Revise parameter grid - Githubissues

cognoma / machine-learning

Machine learning for Project Cognoma

Other

32 stars 47 forks source link

Revise parameter grid #114

Closed rdvelazquez closed 7 years ago

rdvelazquez commented 7 years ago

Builds on #113 and revises the parameter grid in n.mutation-classifier as follows:

l1_ratio: changed from 0.15 to 0
alpha: changed from [10 ** x for x in range(-3, 1)] to [10 ** x for x in range(-10, 10)]
'n_components: changed from [50, 100] to a function that selects the number of components based on the number of positive samples in the query (or the number of negatives if it is a rare instance with more positives than negatives). The function is shown below:
```
n_positives = min(y.sum(),len(y)-y.sum())
if n_positives > 500:
n_components_list = [100]
elif n_positives > 250:
n_components_list = [50]
else:
n_components_list = [30]
```

This PR also added stratify=y to the test_train_split and revised the markdown note about the gene (below cell 3) to be more general as opposed to just referencing TP53.

patrick-miller commented 7 years ago

This looks good to me.

I'm not sure if parameterizing n_components by a the number of positives as opposed to the % of positives is better.

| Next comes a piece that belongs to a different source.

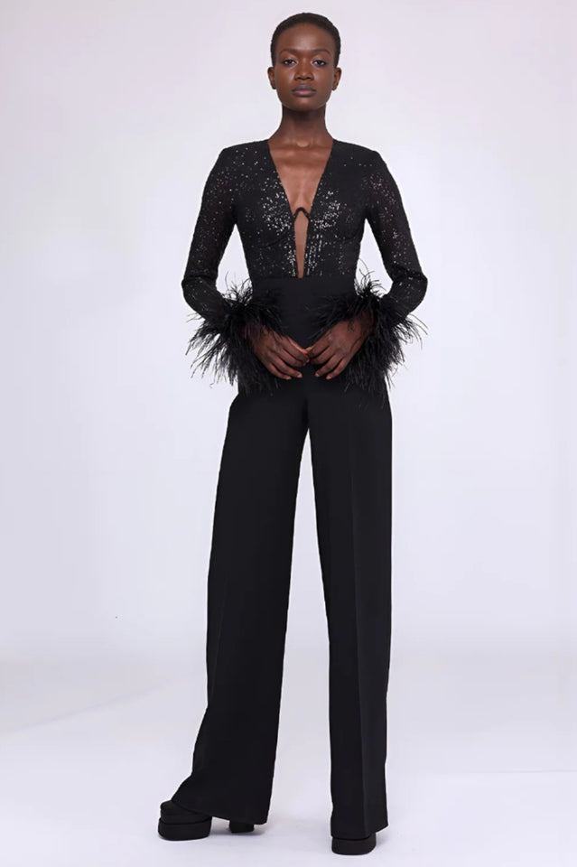 Transform into the life of the party with our Sequin Feather-Trim Cuff Jumpsuit! With its elegant black design. adorned with shimmering sequins and delicate feathers on the cuffs. you'll stand out in any crowd. Unleash your inner diva and make a statement at your next event!

This only really matters if we obtain more data, which would probably lead to other design changes as well anyway.

rdvelazquez commented 7 years ago

Thanks for reviewing this @patrick-miller!

I'm not sure if parameterizing n_components by the number of positives as opposed to the % of positives is better.

I think it's only better (or different at all) when there are queries that don't use all the samples (that are subset by disease). For example:

Query A: 50% positives (100 samples, 50 positives)
Query B: 10% positives (5,000 samples, 500 positives)

I think Query B should use more components than Query A because Query B will likely need more components to capture a similar amount of the variance and Query B will be less prone to over-fitting than Query A. Let me know if that made sense.

patrick-miller commented 7 years ago

I'm not positive, but I think you are right.

rdvelazquez commented 7 years ago

I'm not positive, but I think you are right

Positive... I love a good pun 😃 (I'm terrible I know)

I'll give @dhimmel a chance to look at this if he wants before we merge it.

dhimmel commented 7 years ago

@rdvelazquez or @patrick-miller someone squash merge this!